STCG is being used to compute a search direction by inverting the Hessian of 
the objective onto the gradient. The Hessian has to be positive definitive for 
this search direction to be a valid descent direction. To enforce this, STCG 
terminates the KSP solution when it encounters negative curvature (i.e. 
“uphill” directions). The resulting search direction from this early 
termination is still a descent direction but it’s a pretty bad one, meaning 
that the line search is forced to do extra work to find a valid (and sometimes 
pretty small) step length. This is normal.

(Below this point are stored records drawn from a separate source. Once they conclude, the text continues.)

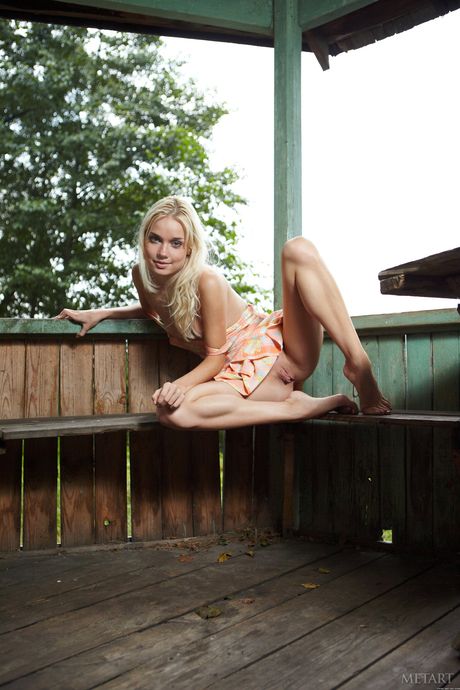 Blonde Russian lady Aljena A strips naked outdoors and shows her tiny tits
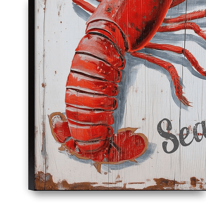 Ce charmant motif vintage représente un magnifique homard rouge sur un fond en bois usé par le temps, qui évoque immédiatement les anciens restaurants de poisson de la côte. Les tons rouge vif et orange du homard forment un magnifique contraste avec le fond en bois usé, blanc et gris, qui présente d'authentiques traces d'utilisation. Les taches de rouille et les parties écaillées de la peinture sont particulièrement attrayantes et confèrent au tableau son caractère shabby chic inimitable. La typographie peinte à la main avec "Lobster" et "Seafood" renforce le charme nostalgique de cette représentation. Le style artistique rappelle les enseignes classiques des diners américains et la décoration maritime. La représentation réaliste du homard, avec ses pinces et ses antennes richement détaillées, témoigne d'un savoir-faire artisanal et fait de cette œuvre un véritable accroche-regard pour tout amateur d'art maritime.
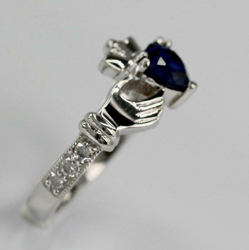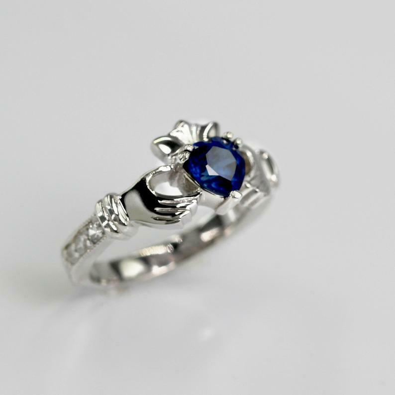 1ct Heart Cut Blue Sapphire Engagement Ring Diamond Claddagh 14k White Gold Over
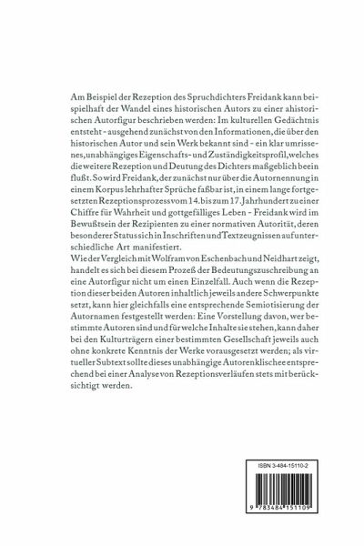 Ähnliche Prozesse der Konstruktion eines Autorprofils im kulturellen Gedächtnis lassen sich vergleichend bei der Rezeption Wolframs von Eschenbach und Neidharts feststellen. Auch hier existieren Autorenbilder, die den Rezipienten der Werke bekannt waren und die spätere Deutung beeinflusst haben.
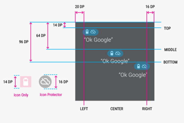 Detailed specifications and measurements for the the background canvas, notification cards, and system indicators.
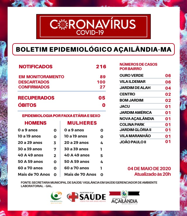 😷🦠BOLETIM EPIDEMIOLÓGICOAÇAILÂNDIA COVID-19 – 04/05🦠😷 Sem alteração hoje no número de casos confirmados
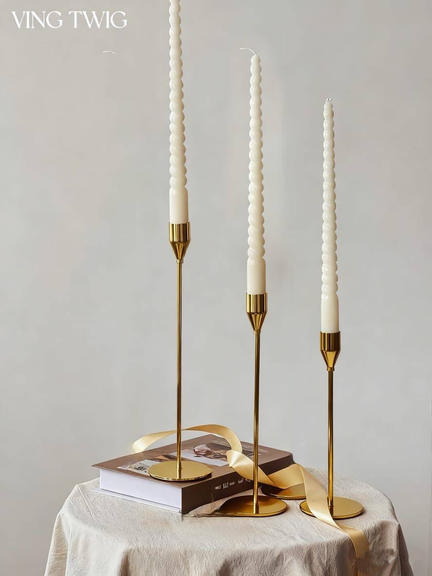 Золотые подсвечники прекрасно сочетаются с витыми белыми свечами, как показано на фото. Контраст между тёплым металлическим блеском и нежной текстурой свечей создаёт атмосферу уюта и торжественности. Такой дуэт подойдёт для:
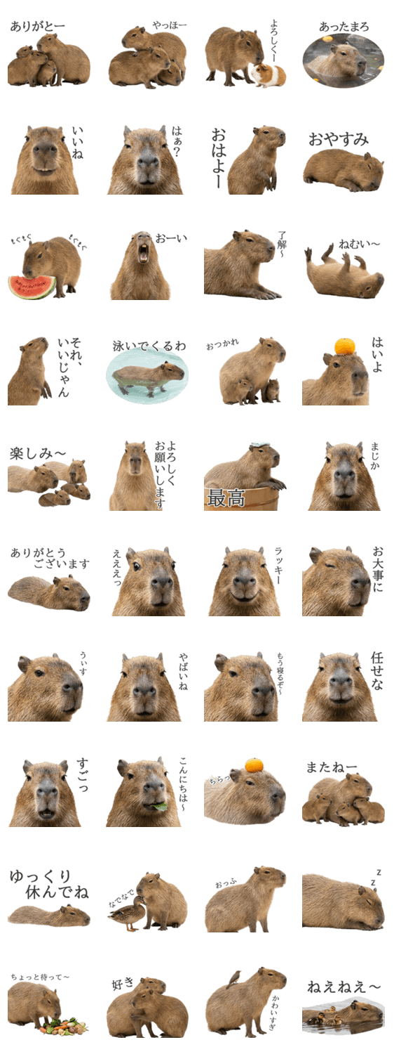 ずっと使える カピバラ 実写 写真風 リアル 動物 もふもふ かわいい 癒し系 のんびり 日常 使いやすい トーク用 反応 スタンプ LINE 人気 ゆるい のんびり優しいほのぼの
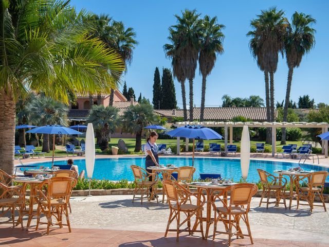 Nicht nur am Strand, auch in dem riesigen Garten des Hotels findet sich ausreichend Platz für Entspannung. Alle Gäste können das große Schwimmbad, das Putting-Green und den kostenlosen Bus-Service zum Strand Nora und Kinderspielplatz nutzen. Von Juni bis September werden für die jungen Hotelgäste dreimal wöchentlich Wasserspiele und Aktivitäten organisiert. Außerdem wird Aquagymnastik und Pilates angeboten. In der kleinen Gartenlaube können Sie sich mit verschiedenen Kosmetikanwendungen und Massagen verwöhnen lassen.

Once a negative curvature is detected, the NLS algorithm imposes a shift to the 
diagonal of the Hessian in order to guarantee that it will be positive-definite 
on the next optimization iteration. This diagonal shift is increased in 
magnitude if you keep hitting the negative curvature KSP termination, and it’s 
gradually decreased on iterations where the KSP solution succeeds. However this 
does not prevent the line search from doing all that extra work on iterations 
where the search direction solution never converged fully. It simply helps 
generate better search directions in subsequent iterations and helps the 
overall optimization solution eventually converge to a valid minimum.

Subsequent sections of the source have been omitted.